Description of problem: My application is a multi-threaded program. The main thread waits for user input on the console and a few other threads wait for user requests coming from clients. Since we moved to Advanced Server 2.1, something peculiar is happening. If the client sends a shutdown command, which is picked up by one of the request listener threads, the thread does some shutdown related processing and then calls 'exit()'. All other existing threads are gone, but the thread which is handling the shutdown request, hangs in exit. If I do a ps it shows up as a zombie ( with ppid as 1 ). I took the same binaries and ran the same test on Linux 7.3 and things seem to work fine. When I try to debug this on AS 2.1 using gdb, gdb also hangs when the thread calls 'exit()' and if I try to break it, gdb gives 'internal error'. Since things work fine on RedHat 7.3 I am assuming it is most likely something to do with glibc or the kernel ?? I am not doing any async IO. The stack looks like below....... #0 0x402dbbe5 in __sigsuspend (set=0x42c278bc) at ../sysdeps/unix/sysv/linux/sigsuspend.c:45 #1 0x40271249 in __pthread_wait_for_restart_signal (self=0x42c27be0) at pthread.c:1019 #2 0x40272a9c in __pthread_lock (lock=0x403e1df0, self=0x42c27be0) at spinlock.c:149 #3 0x4026fd06 in __pthread_mutex_lock (mutex=0x403e1de0) at mutex.c:109 #4 0x40272072 in __flockfile (stream=0x403e1ec0) at lockfile.c:39 #5 0x4032aa49 in _IO_flush_all () at genops.c:825 #6 0x4032b739 in _IO_cleanup () at genops.c:903 #7 0x402de5c2 in exit (status=0) at exit.c:74 #8 0x080551f8 in adRequest (tctx=0x80a64e4) at agtreq.c:1694 #9 0x4026ec2f in pthread_start_thread (arg=0x42c27be0) at manager.c:279 Version-Release number of selected component (if applicable): I am using 2.4.9-e.27smp kernel and glibc-2.2.4-32.8 How reproducible: I tried writing a reproducible case independent of my app, but couldn't. Steps to Reproduce: 1. 2. 3. Actual results: Expected results: Additional info: The same application runs fine on RedHat 7.3 with the 2.4.18* kernel and 2.2.5- 43 glibc version. I tried both, compiling on RedHat 7.3 and running on RedHat 7.3 AND compiling on AS 2.1 and running RedHat 7.3. It works fine on 7.3 either way. When I compile on AS 2.1 and run on AS 2.1 it reproduces the bug.

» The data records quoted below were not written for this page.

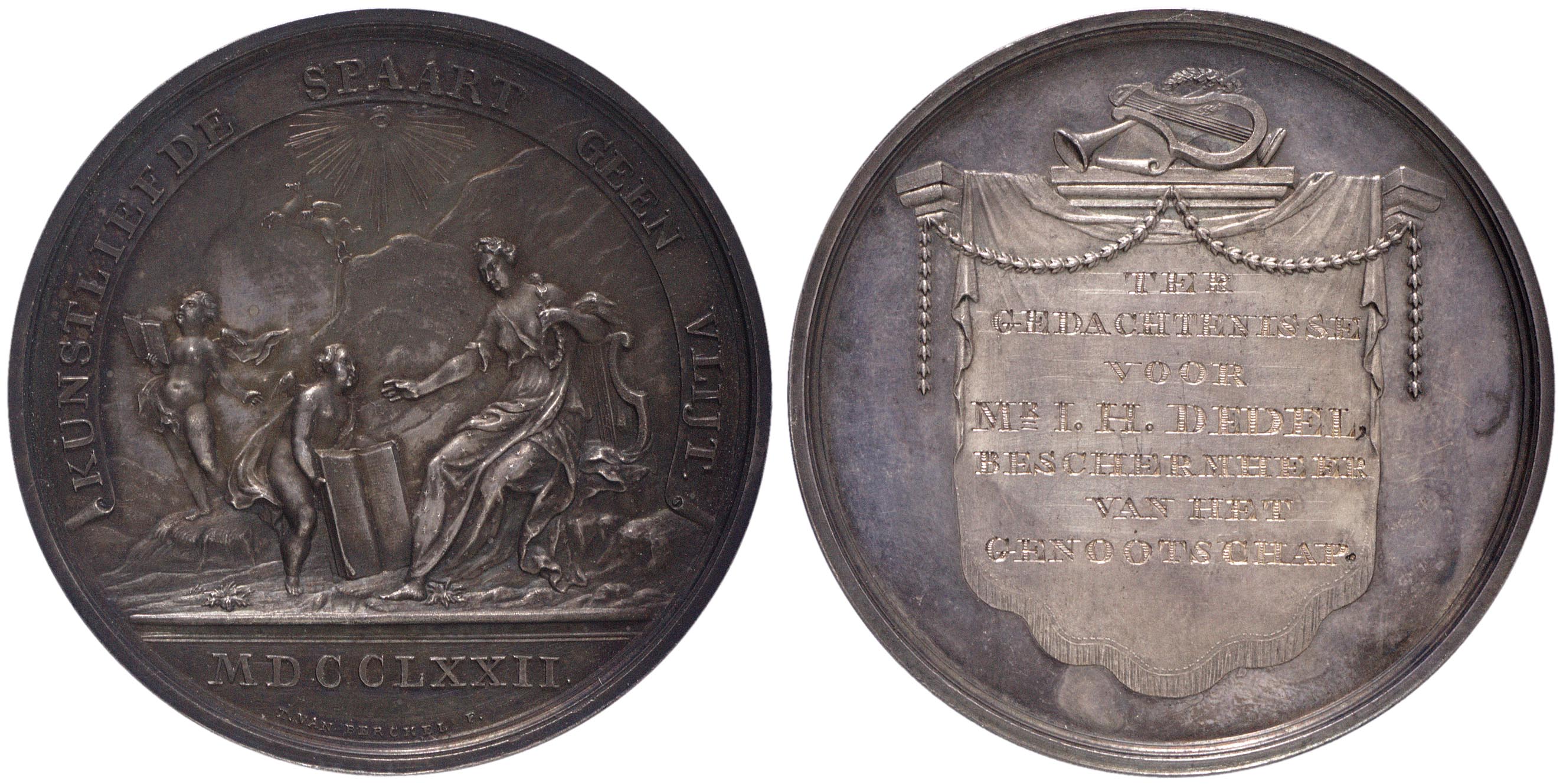 opschrift keerzijde: TER / GEDACHTENISSE / VOOR / MR I.H. DEDEL / BESCHERMHEER / VAN HET / GENOOTSCHAP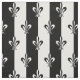 Black and white alternating stripes pattern with the fleur de lis, which is a simplified lily flower symbol used by French and European royalty, and a symbol of the town of New Orleans and the Mardi Gras festival in February after lent.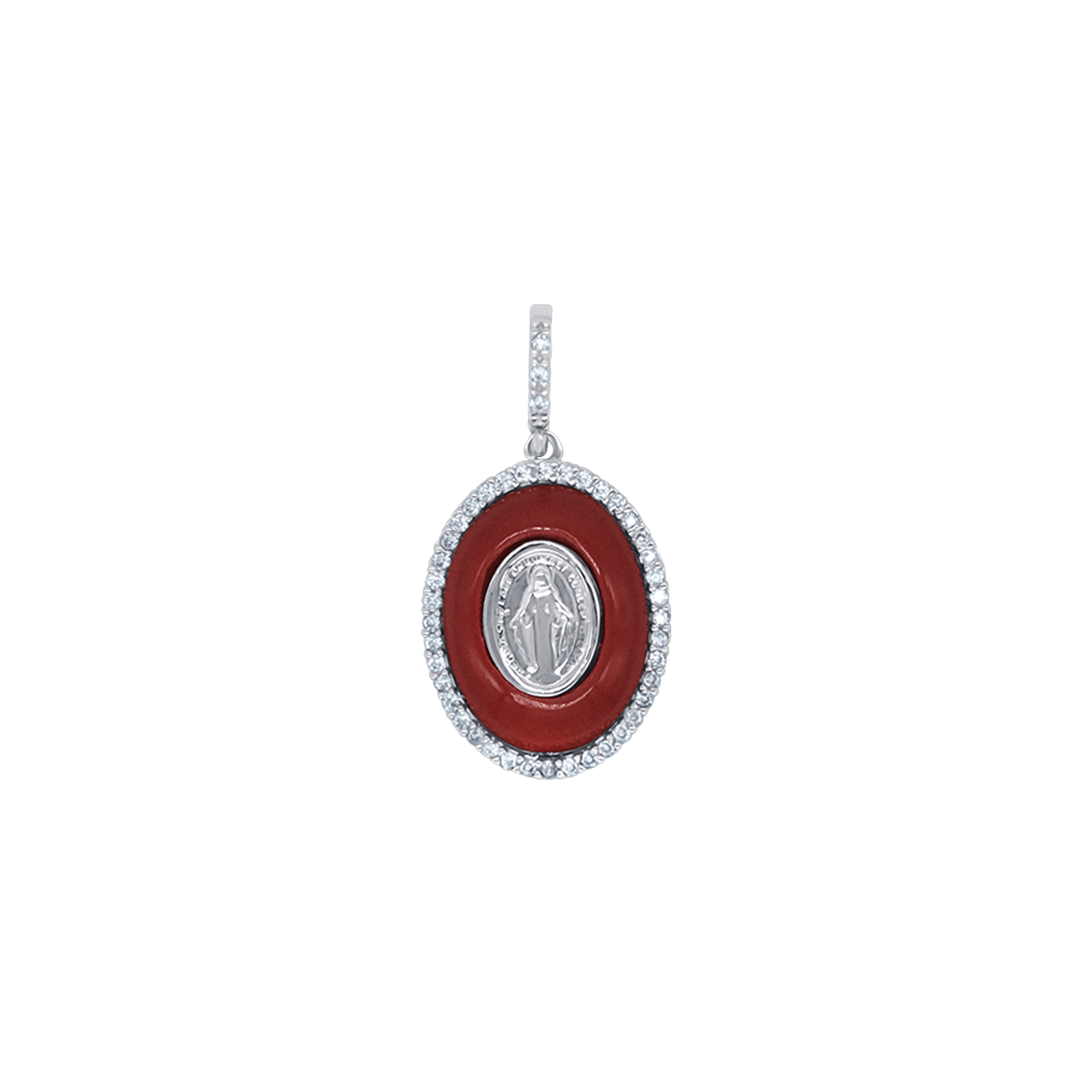 Esta Medalla Milagrosa de plata de ley luce un intenso centro rojo, rodeado de brillantes circonitas cúbicas. En su interior, la Virgen María se representa con delicadeza, como símbolo eterno de fe y elegancia.

Now I have a reproducible case I am attaching a simple test program which reproduces this #include <stdio.h> #include <pthread.h> #ifndef AIX #define LOOPER 100000000 #define MOD 10000000 #else #define LOOPER 400000000 #define MOD 40000000 #endif int thr_fun(void) { int i; #if 1 sleep(10); #endif printf("from thread just before calling exit\n"); exit(0); } int main(void) { pthread_t thread; long i; pthread_attr_t attr; pthread_attr_init(&attr); /* initialize attr with default attributes */ if(pthread_create(&thread, &attr,thr_fun, NULL)) printf("thread create failed\n"); getchar(); } to compile it gcc -o linuxhang linuxhang.c -L/usr/lib -lpthread; run this program and it should die in 10 seconds, but one thread hangs on exit (); - Shailesh
Please try ftp://people.redhat.com/jakub/glibc/errata/2.2.4-32.11/
I tried downloading this patch but it is missing glibc-common for i686 ?? - Shailesh
Of course, that's how it has been since introduction of glibc-common (which was introduced for this reason). If you are on i686 machine, you need to install *.i686.rpm packages where they are available and *.i386.rpm versions of the remaining ones.
Ping! Can you confirm your problem went away? I'll close the bug soon if I don't hear anything.